In the winter months, that isn't much of a problem. But during the dry season, that draw can be significant. According to Sanctuary Forest, the school uses an average of 11 gallons of water per student per day, and with 107 students in attendance that can add up to more than a 1,000 gallons per day.

In addition to the inherent environmental benefits of mitigating Whitethorn School's impact on the river, utilizing a public school campus for the project offers an unusual educational opportunity.

"We were talking about culture change, throughout the entire community. Not just a couple of people in one reach changing their diversion, but an entire community. So when you think about that, the challenge becomes ‘how do you reach everybody from all walks of life? People from all different professions, people with different values.' There's different ways to do that, but the Whitethorn School is an awesome opportunity for us," said Tasha McKee, executive director of Sanctuary Forest. "It's true that it's only people who have kids you're reaching, that's usually a cross section of the community that you don't get anywhere else like in the newspaper or on the radio."

"Whitethorn School has a history of being really involved in the river," McKee says. The program is no longer active, but in recent years Whitethorn students have participated in a program that took salmon through their early lifecycle, raising eggs in an aquarium and releasing juveniles into the watershed. "So there's a culture there already in the school of kids being really connected to fish."

What's more, the project could potentially be replicated in other areas.

"Fish and game is looking to our forbearance program as a model for other low-flow streams where there's divergence, regardless of who's pumping the water out," McKee said. "Because we're publicly funded, when we develop a project like this we share it with anybody else who's interested in knowing how we put this together."
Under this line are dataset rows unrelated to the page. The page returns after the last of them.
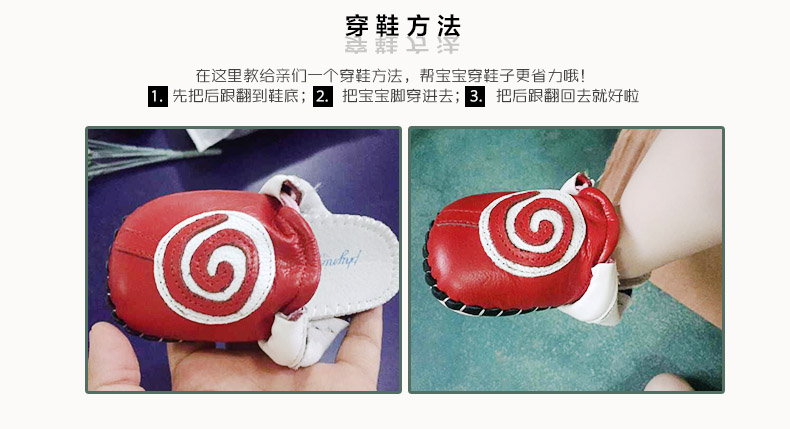 但是我們賣了這么多年,羊皮容易磨損 ,所以我們鞋面跟鞋底改為縫包,后跟還是采用松緊,其實除了難穿一點點,但是寶寶脫不掉,而且
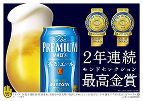 サントリービール(株)の「ザ・プレミアム・モルツ〈香る〉エール」は、世界的な酒類・食品などのコンテスト、第58回「モンドセレクション(MONDE SELECTION、本部:ベルギー ブリュッセル)」ビール、水&ノンアルコール飲料部門で最高金賞(GRAND GOLD MEDAL)を受賞しました。昨年も同コンテストで最高金賞を受賞しており、2年連続での受賞となりました。なお、授賞式は6月3日(月)(現地時間)にイタリア ローマで行われます。
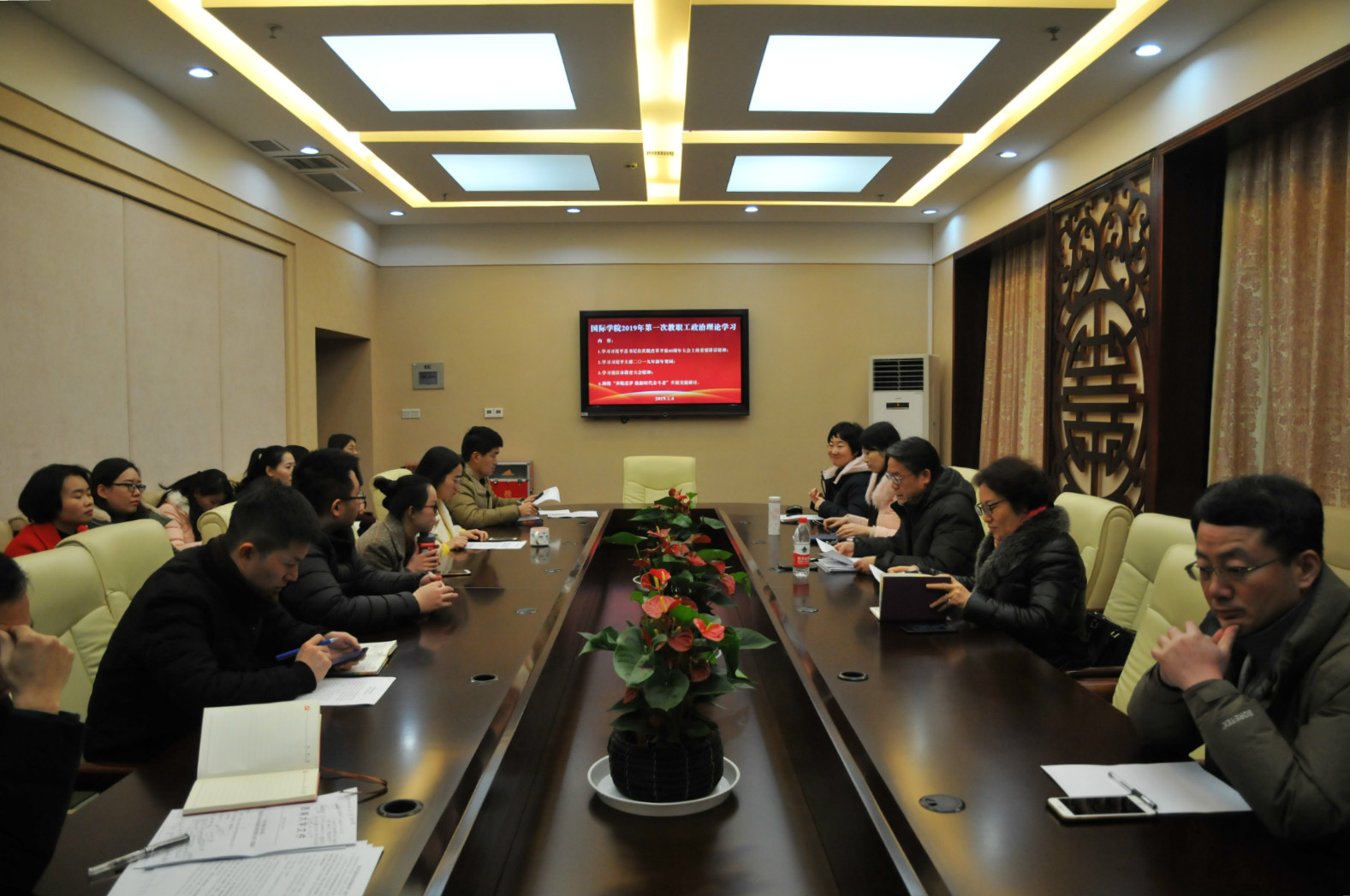2019年1月4日下午2:30,365上市公司(英国)集团全体教职工在紫云楼签约室开展本年度第一次政治理论学习活动。会议由刘猛书记主持。

This particular location has been more complicated than some of Sanctuary Forest's other water forbearance projects. Because it's on school grounds, it has to be reviewed and approved by the California Department of the State Architect -- which is a time consuming bureaucratic process.

"We really jumped through a lot of hoops in the DSA process," Program Assistant Bill Arthur said. "It took the engineer and myself back and forth with the California educational code for several weeks before we sorted out the applicable code."
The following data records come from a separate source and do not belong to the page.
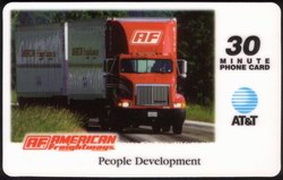 American Freightways trucking scene featuring a red 18 wheeler, logos, and a 30-minute AT&T phone card highlighting logistics, branding, and workforce development.
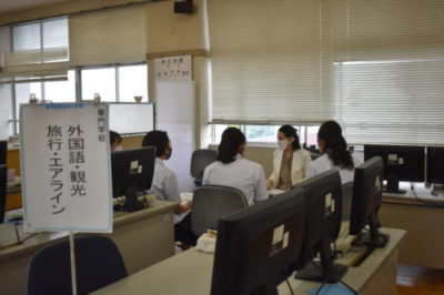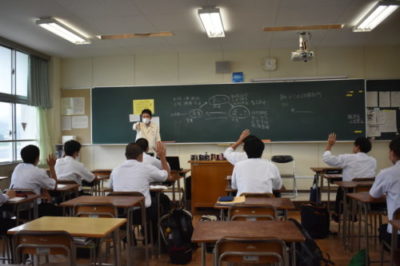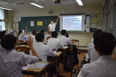 3年生対象の進路ガイダンス開催 2020年7月17日 例年5月に行われているさんぽう主催の模擬講義・模擬授業形式進路説明会を開催しました。様々な分野の大学、短期大学、専門学校、企業にご参加いただき、それぞれの教室で説明会が行われ、生徒達はメモをとりながら真剣に参加していました。
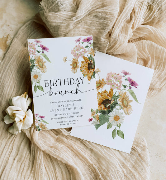 Mews Floral White | Printable Birthday Brunch Invitation Template
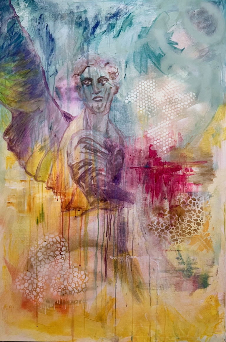 Mit ausgebreiteten Flügeln in leuchtendem Lila, Grün und Gold steht der „Engel der Verwandlung“ als Sinnbild für Transformation, Wachstum und die Kraft der Veränderung. Die fließenden Farbverläufe, kombiniert mit organischen Mustern wie Wabenstrukturen, verleihen dem Werk eine dynamische Tiefe und laden den Betrachter ein, sich auf eine Reise der inneren Wandlung zu begeben.
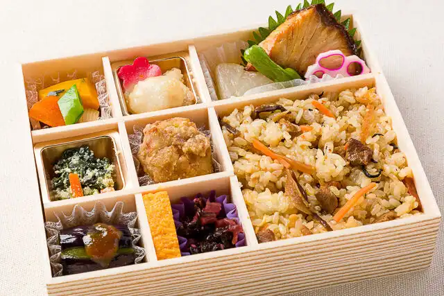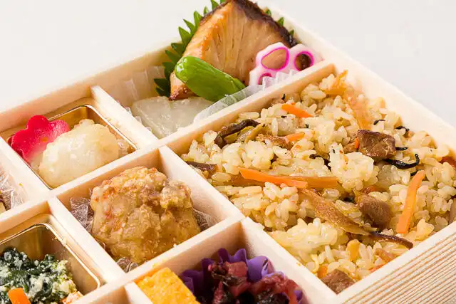 五目ご飯200ℊ/ぶり照り焼き/大根煮/しし唐/花散らし蓮根/フグと豆腐の霙餡かけ/梅麩/煮物/京風白和え/鶏の柚子胡椒風味揚げ/卵焼き/お漬物/茄子田楽
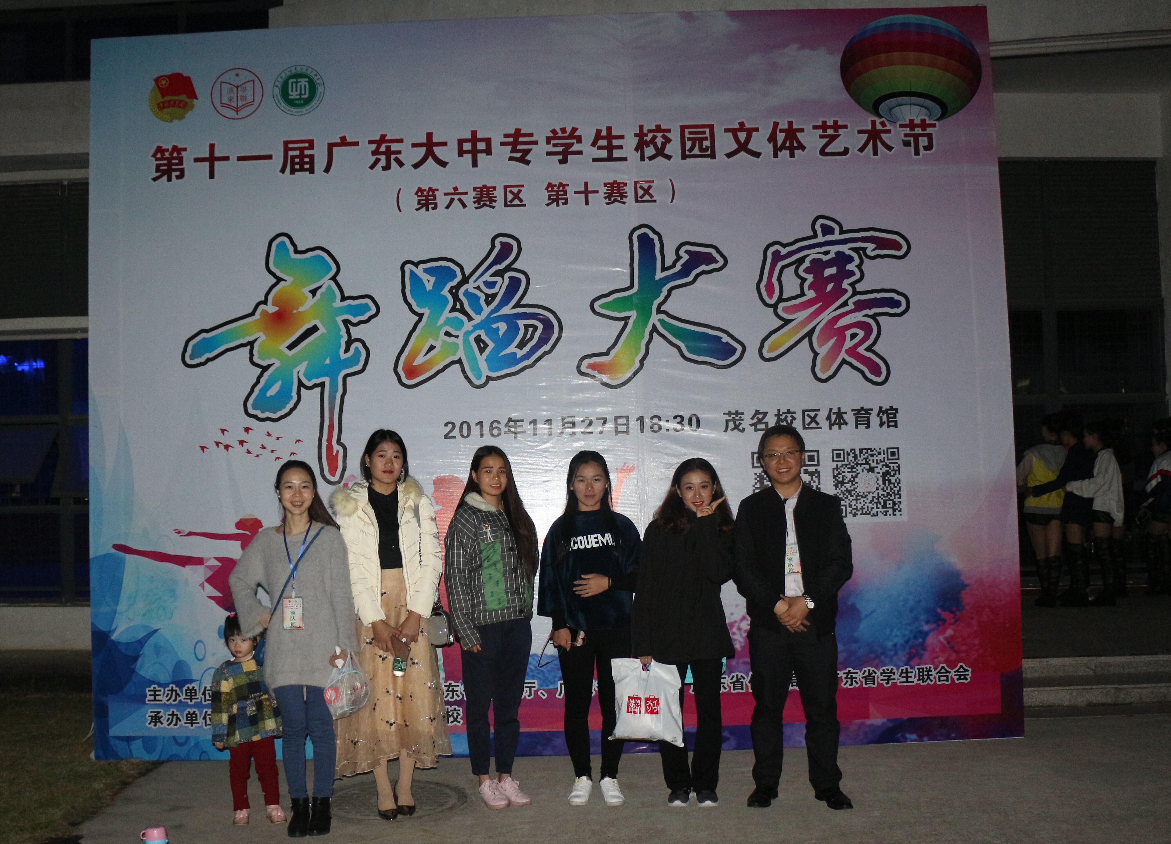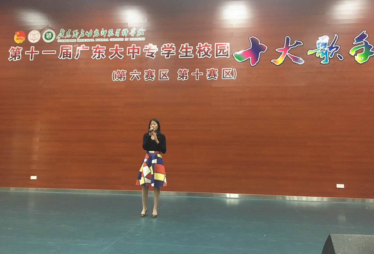 为进一步发挥校园文化体育活动的育人塑人功能,促进校园舞蹈艺术教育方式与方法的改革和创新,展现学生积极向上、奋斗成才的精神风貌,近日,共青团广东省委员会、广东省教育厅、广东省文化厅、广东省体育局、广东省学生联合会联合举办了第十一届广东大中专学生十大歌手、舞蹈大赛。我校基础教育系的徐源笙、高级部幼师专业的吴翠莹两位同学分别参加了十大歌手、舞蹈大赛,11月27日,在学校团委莫喜华、谢佩珊等老师的带领下,徐源笙、吴翠莹两位同学参加了在广东茂名幼儿师范专科学校(第十赛区)举行的复赛。

Those challenges were exacerbated after former district superintendent Jim Stewart resigned last April. After Catherine Scott was hired to take over the job, the changeover made it necessary to reassess details of the project. "We sort of went back to the drawing board at the request of the district," Arthur said, "and rethought the whole project in terms of the location of the tanks and in terms of what we were trying to do."

According to Southern Humboldt Unified School District Superintendent Catherine Scott, construction of Sanctuary Forest's water forbearance project at Whitethorn School is expected to finish in time for use during the 2013/14 school year.